> WORK INSTRUCTION
Copy each line of the data below exactly, leaving out pictures.

> GIVEN MATERIAL
________________
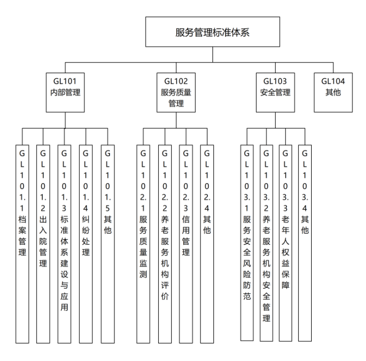 四是服务管理标准体系。主要用于规范各类养老服务机构出入院、标准体系建设、纠纷处理、服务质量监测、服务机构评价、信用管理、服务安全风险防范、老年人权益保障等方面内容。
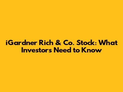 IGardner Rich & Co. Stock: What Investors Need To Know
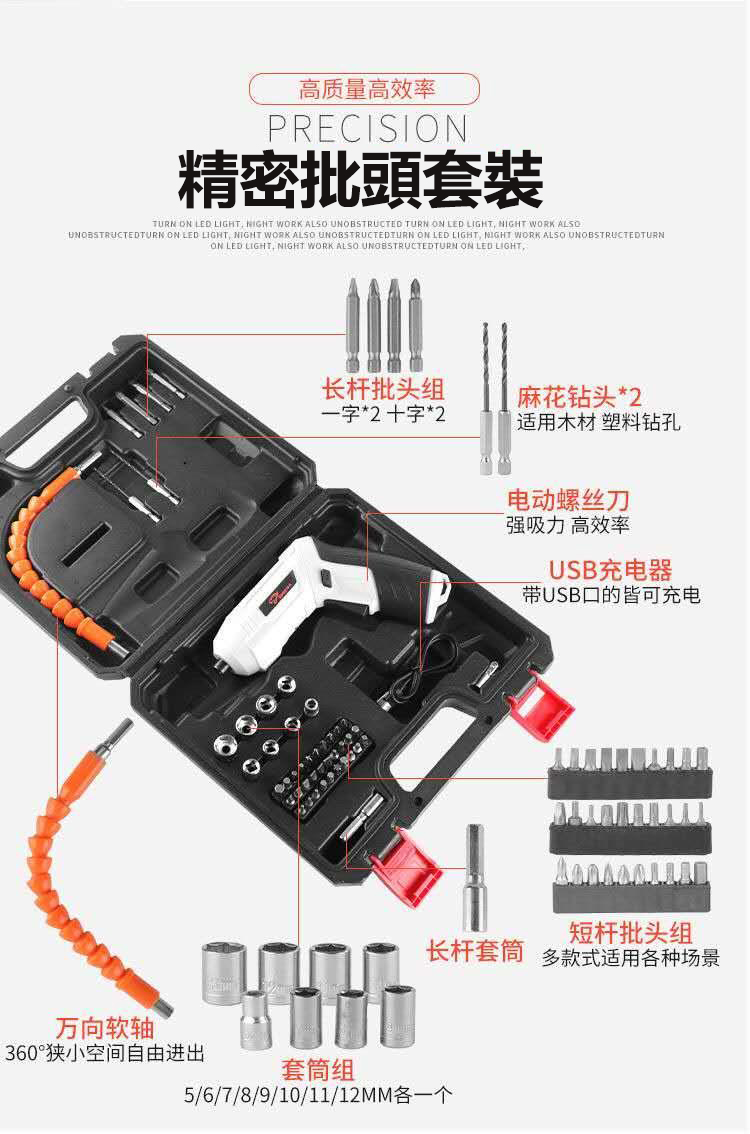 12分鐘前電動螺絲刀充電多功能家用小型螺絲批迷妳電起子槍鋰電手電鉆工具 - 經典-全能【47套裝】工具箱裝
________________
> RESPONSE AREA
 四是服务管理标准体系。主要用于规范各类养老服务机构出入院、标准体系建设、纠纷处理、服务质量监测、服务机构评价、信用管理、服务安全风险防范、老年人权益保障等方面内容。
 IGardner Rich & Co. Stock: What Investors Need To Know
 12分鐘前電動螺絲刀充電多功能家用小型螺絲批迷妳電起子槍鋰電手電鉆工具 - 經典-全能【47套裝】工具箱裝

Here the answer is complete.